MIRA (Kather et al.)
“This is an ambitious and technically rigorous study that evaluates an AI agent across an unusually broad clinical workflow, and it stands out for forcing structured decisions within an electronic health record–like environment rather than relying on free‑text outputs. The matched comparison with clinicians and the range of metrics, diagnosis, test selection, procedures, prescribing and admission decisions, are clear strengths.
“That said, several of the key outcomes are defined relative to what was documented in the underlying dataset, meaning the model is being rewarded for reproducing recorded clinical behaviour rather than necessarily demonstrating optimal care. Related to that, some metrics favour more comprehensive or higher‑recall decisions, such as ordering more tests or identifying more procedures, which is not the same as better clinical judgement. The small physician comparator group also limits how firmly we can interpret performance differences.
“The press release accurately describes the findings, but the claim of physician‑level performance should be seen in light of these design choices. Overall, this is a high‑quality study that provides a compelling demonstration of feasibility, while leaving open important questions about how these systems would perform under broader, real‑world conditions.”
Prof Catherine Pope, Professor of Medical Sociology, University of Oxford, said:
“The Ferber et al and Lievin et al papers provide welcome evidence about potential clinical uses of large language models (LLMs). It is easy to be captivated by headline claims that these kinds of LLMs ‘outperform doctors’ but the devil, as always, is in the detail. Both studies are based on simulation – Ferber et al on simulated chat created from patient notes, the second on exam formats that use actors to replicate medical scenarios for the purpose of training and assessing doctors. This is some remove from the messy, complex, human world of everyday healthcare.
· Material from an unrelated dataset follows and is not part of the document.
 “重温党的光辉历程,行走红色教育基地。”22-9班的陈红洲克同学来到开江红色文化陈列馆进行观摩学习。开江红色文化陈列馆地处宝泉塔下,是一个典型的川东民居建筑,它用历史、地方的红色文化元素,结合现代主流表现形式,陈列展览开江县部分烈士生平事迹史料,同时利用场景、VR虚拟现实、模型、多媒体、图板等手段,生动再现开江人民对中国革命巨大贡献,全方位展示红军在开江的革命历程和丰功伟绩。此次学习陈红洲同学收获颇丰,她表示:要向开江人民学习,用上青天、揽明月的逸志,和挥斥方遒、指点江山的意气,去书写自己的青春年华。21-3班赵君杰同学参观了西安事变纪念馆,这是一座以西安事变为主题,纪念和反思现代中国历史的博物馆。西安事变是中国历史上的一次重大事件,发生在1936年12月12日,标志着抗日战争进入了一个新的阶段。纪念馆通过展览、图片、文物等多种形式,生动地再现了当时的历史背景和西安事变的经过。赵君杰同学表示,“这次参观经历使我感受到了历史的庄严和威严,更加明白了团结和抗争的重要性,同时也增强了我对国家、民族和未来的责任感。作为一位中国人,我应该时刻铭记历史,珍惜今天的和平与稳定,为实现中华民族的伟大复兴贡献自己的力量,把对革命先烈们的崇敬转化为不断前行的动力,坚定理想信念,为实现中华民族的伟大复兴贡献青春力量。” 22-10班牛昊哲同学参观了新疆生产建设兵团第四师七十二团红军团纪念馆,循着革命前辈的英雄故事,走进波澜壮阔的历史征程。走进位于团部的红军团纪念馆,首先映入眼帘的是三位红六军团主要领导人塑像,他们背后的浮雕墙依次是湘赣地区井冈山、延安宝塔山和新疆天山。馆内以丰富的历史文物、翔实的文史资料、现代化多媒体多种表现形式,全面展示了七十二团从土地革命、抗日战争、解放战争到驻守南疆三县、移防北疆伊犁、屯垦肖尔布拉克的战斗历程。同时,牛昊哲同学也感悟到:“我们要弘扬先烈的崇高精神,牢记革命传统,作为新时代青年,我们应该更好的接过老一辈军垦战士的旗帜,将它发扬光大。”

“Both studies demonstrate that LLMs can mimic some aspects of experienced physician performance, but crucially both concede that while there may be promise here, much more research is needed before these LLMs can, or should, be deployed in the real world. The point – made well – in in the Ferber et al piece is that use in the real world will need to be in partnership with clinicians: these technologies are unlikely to replace doctors, and many will contend that they crucially do not and cannot substitute for the essential human aspects of care.”
Dr Midhun Parakkal Unni, Academic Fellow in AI for Health, University of Sheffield, said:
“The authors developed conversational agents for disease management, evaluated their performance in simulated scenarios, and benchmarked them against clinicians under identical conditions.
“Generalising beyond the distribution on which they are trained is generally hard for machine learning systems, and it is not obvious how LLM-type foundational models behave in scenarios they haven’t seen before. This makes large-scale real-world testing an absolute necessity before claiming the usefulness of the LLM-integrated systems for clinical practice.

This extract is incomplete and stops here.